Larion Studios forum stores your passwords in unhashed plaintext. Don’t use a password there that you’ve used anywhere else.
Larion Studios forum stores your passwords in unhashed plaintext. Don’t use a password there that you’ve used anywhere else.
no, they probably dont.
they just send it to your email upon registration, which is kinda a bad idea, but they are probably storing passwords hashed afterwards.
…and if they keep the emails they send out archived (which would be reasonable), they also have it stored in plaintext there.
Automatically generated emails usually don’t get saved.
As the designated email dev at my company I can confidently say this is not true.
Not saying that this specific email is persisted, but almost all that I work with are.

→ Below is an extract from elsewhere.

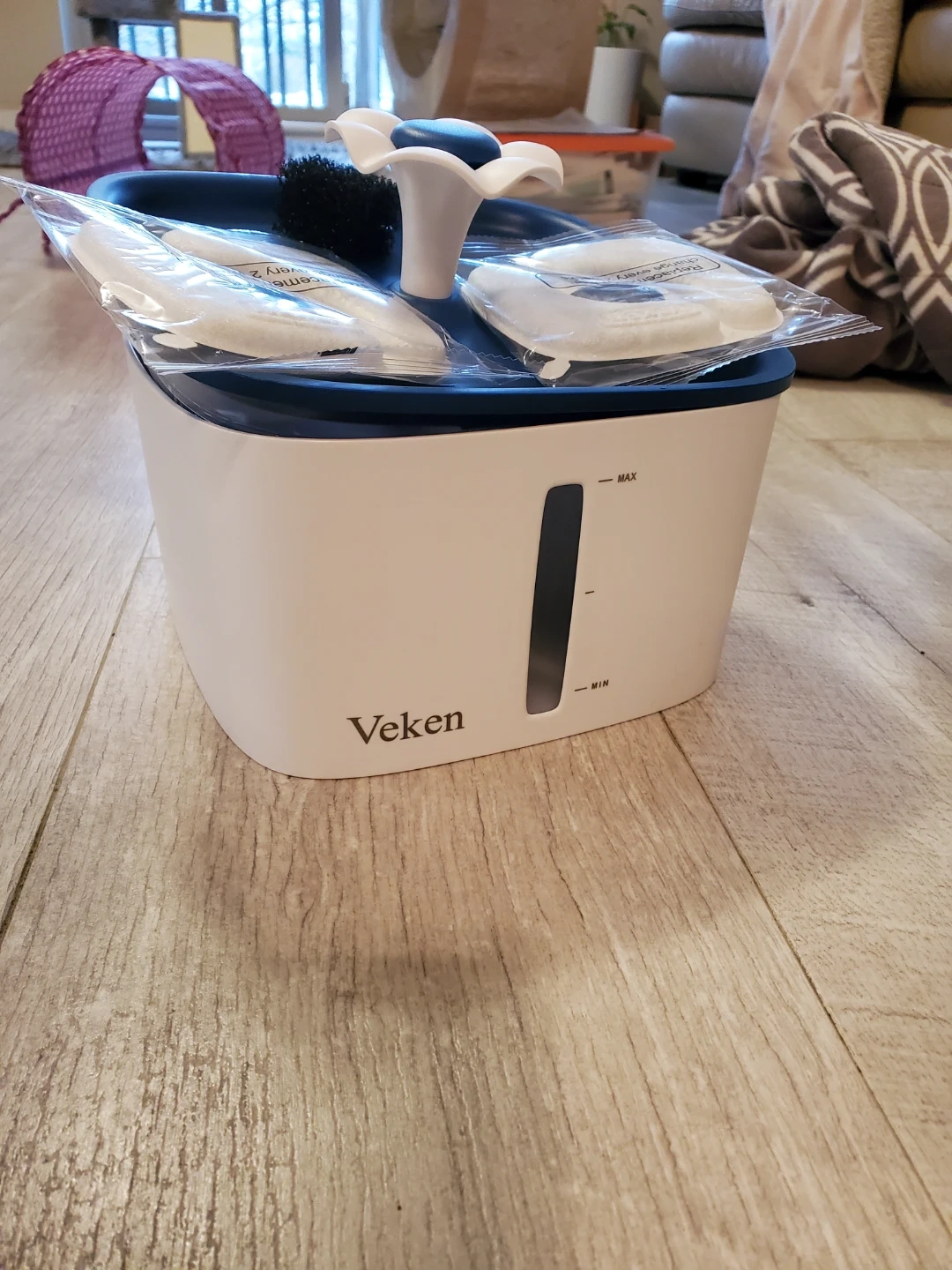 I'm selling a Veken pet fountain! It comes with replacement filters to keep the water clean and fresh for your furry friends. The fountain is designed to encourage pets to drink more, promoting better hydration and health. Easy to clean and maintain!

It’s a very common practice.
Yeah, we save most emails sent out at my work.
this is still a terrible idea. the system should never know the plaintext password.

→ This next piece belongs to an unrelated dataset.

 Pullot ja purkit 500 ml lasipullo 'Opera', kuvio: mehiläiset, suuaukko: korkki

logs capture a lot even automated emails. i don’t see a single reason to send the user their plaintext password and many reasons why they shouldn’t
passwords are usually hashed server-side tho and that’s done for a reason.
if handling passwords correctly, server side hashing is way more secure then client-side. (with client side hashing, hash becomes the password…)

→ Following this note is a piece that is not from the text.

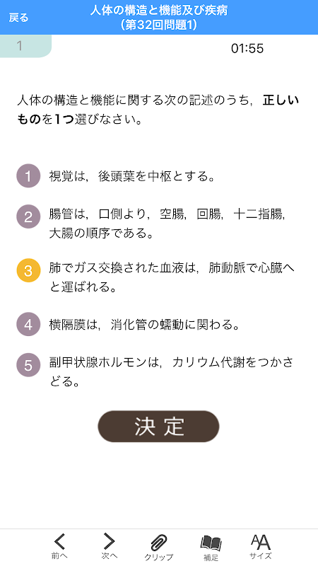 科目を選択すると、試験の傾向を完全分析したジャンルごとに問題が出題されます。問題の出題方法も、ランダム出題、クリップした問題だけの出題など、アプリならではの出題が可能です。サクサクと問題を解いていくことで、数多くの問題をこなすことができます!

So it’s in plaintext in their email system
these emails don’t usually get copied to local outbox folder (as any oher auto generated emails)
password may end up in cache somewhere tho…
and this is why it’s a bad idea and rarely done nowadays
Generated emails usually don’t get saved, as soon as it is delivered it will be gone.
I’ve literally never had a service provider email me my own password ever. Maybe a OTP, but never my actual password. And especially not in plaintext.
What would be the necessity behind emailing someone their own password? Doesn’t that defeat the purpose of having a password? Email isn’t secure.
Idk if I’m misremembering, but it’s my impression that they did this a lot in the 2000s, haha. I guess bad practices have a habit of sticking around
I’ve had service providers physically mail my own password to me before. Just crazy.
Always use unique passwords for every site.
But that still means they had your plaintext password at some point.
Edit: which, as some replies suggest, may not actually be much of an issue.
I’m still skeptical about them returning it, however.
hashing on client side is considered a bad idea and almost never done.
you actually send your password “in plain text” every time you sign up.
Really everytime you log in too.
Of course. You receive the password in plain on account creation, do the process you need, and then store it hashed.